Hence the conservative intelligentsia's metamorphosis from an instinctive anti-populism to a manifested anti-popularity. It positively despises its party's Trumps and Carsons, tribunes of rabblocratic ignorance. Their days may be numbered, but today they own the party; they and their herd have busted the fence and they're grazing on aristocratic land. For the conservative intelligentsia, this circumstance has been most unpleasant; and by now, it's downright intolerable.
So it is that we read David Brooks this morning, railing against the uncouth, unschooled, unwashed interlopers by name. Trumpism and Carsonism (ethnic and religious bigotry, respectively) are "ruinous to the long-term political prospects" of the GOP and "bad for the spirit of conservatism," rages Brooks; they are "a sour, overgeneralized and intellectually sloppy sense of alienation."

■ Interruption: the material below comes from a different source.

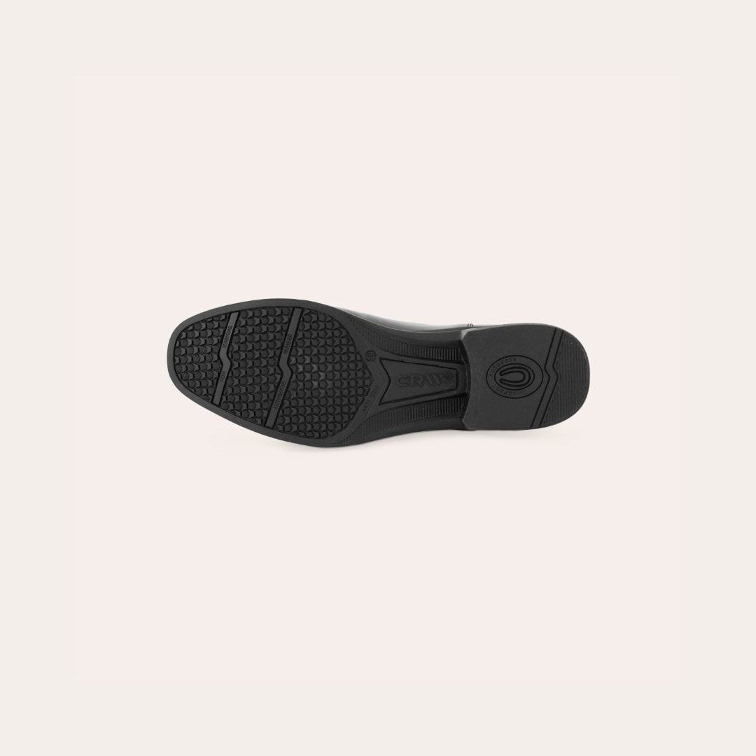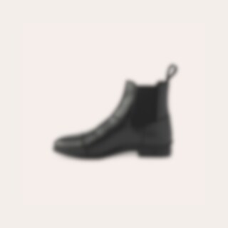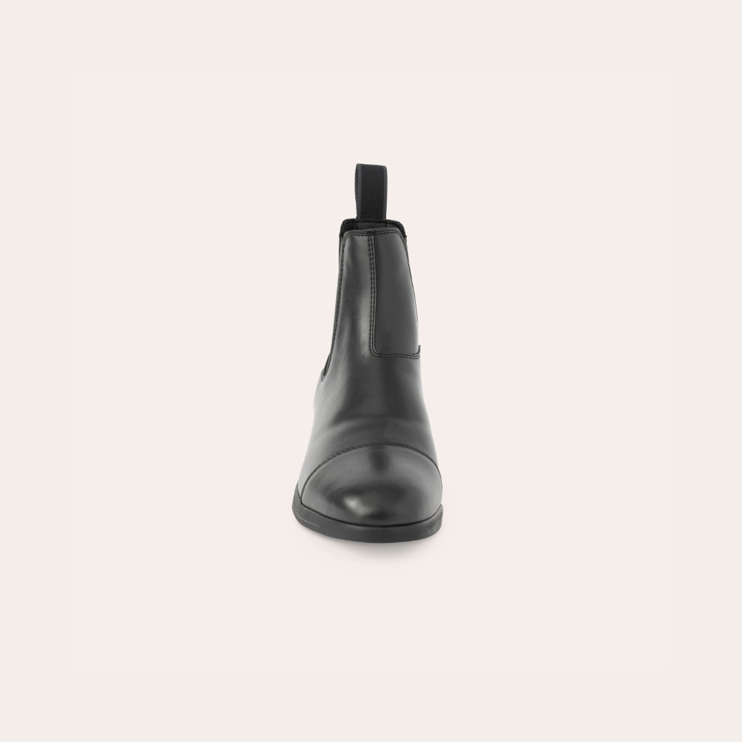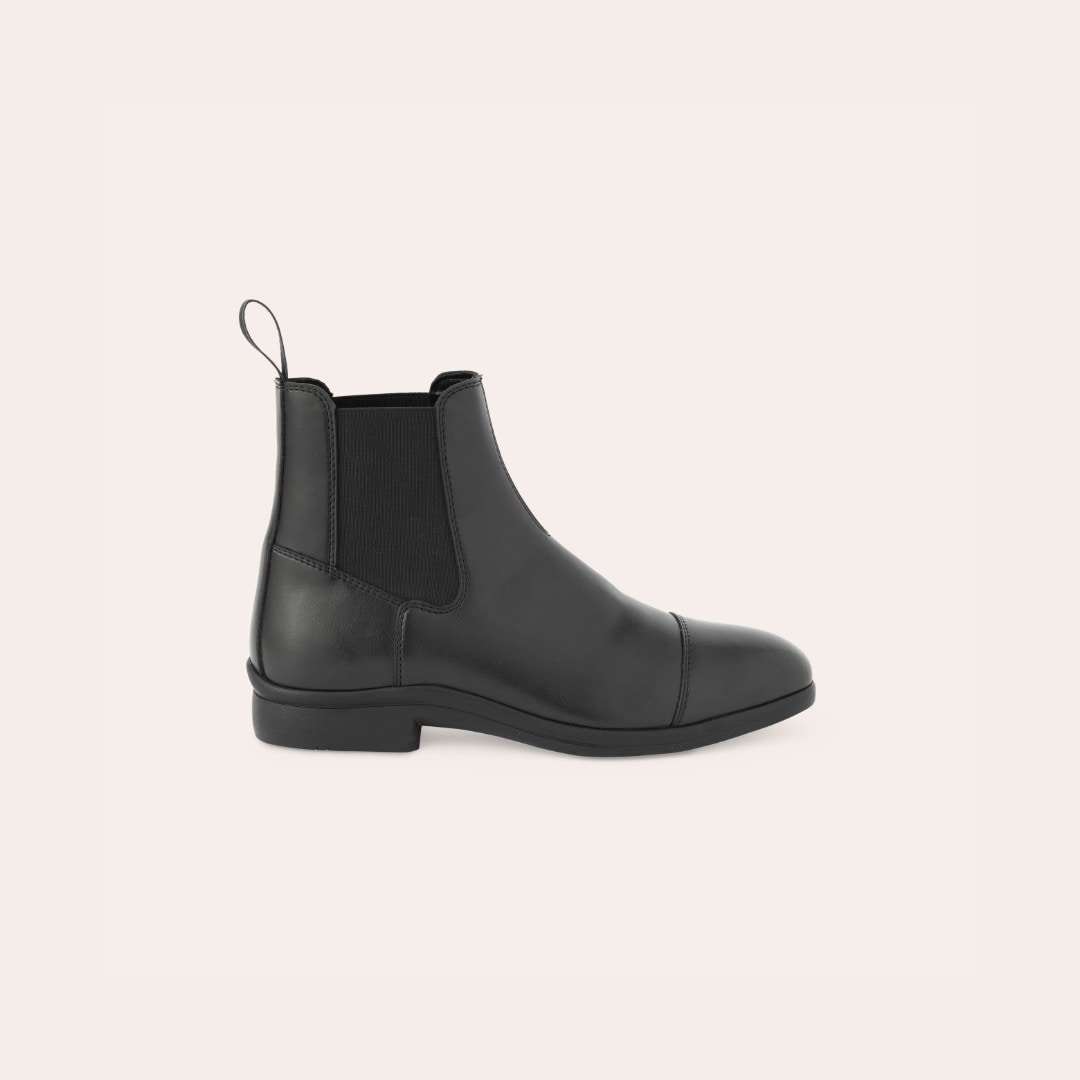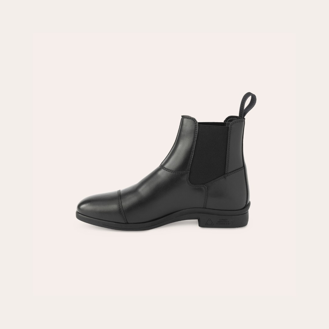 Jodhpur van zacht, waterafstotend synthetisch materiaal dat eenvoudig schoon te vegen is, met elastiek aan de zijkant. Rubberen zool.

Though we lay down the Times and pick up the Post, we find Charles Krauthammer on the same page. The Republican Party, he writes with one hand while pointing the other's finger directly at Trump and Carson, "is flamboyantly shooting at itself and gratuitously alienating one significant electoral constituency after another."
Isn't that lovely? I am tempted, because of a recent visitor to our disheveled shores, to say divine. Brooks and Krauthammer's eyes have seen the ignominy of the coming of the Reckoning, in which Trump and Carson are liberating the vintage where the rabble's grapes of wrath are stored. Our conservative thinkers once fondled the asp and held it to their bosom, and now they're shocked by the lethal result. Or so they say, or so they pretend, or so they belatedly protest.
What must be most disconcerting to them is that the rabble is out of the tube and there is no way to get it back in. The Republican Party is now a party of two distinct, irreconcilable camps. It takes a load of herculean creativity to imagine Trumpeteers marching enthusiastically to the polls to vote for a Jeb Bush — or even dragging their sorry asses to the polls at all.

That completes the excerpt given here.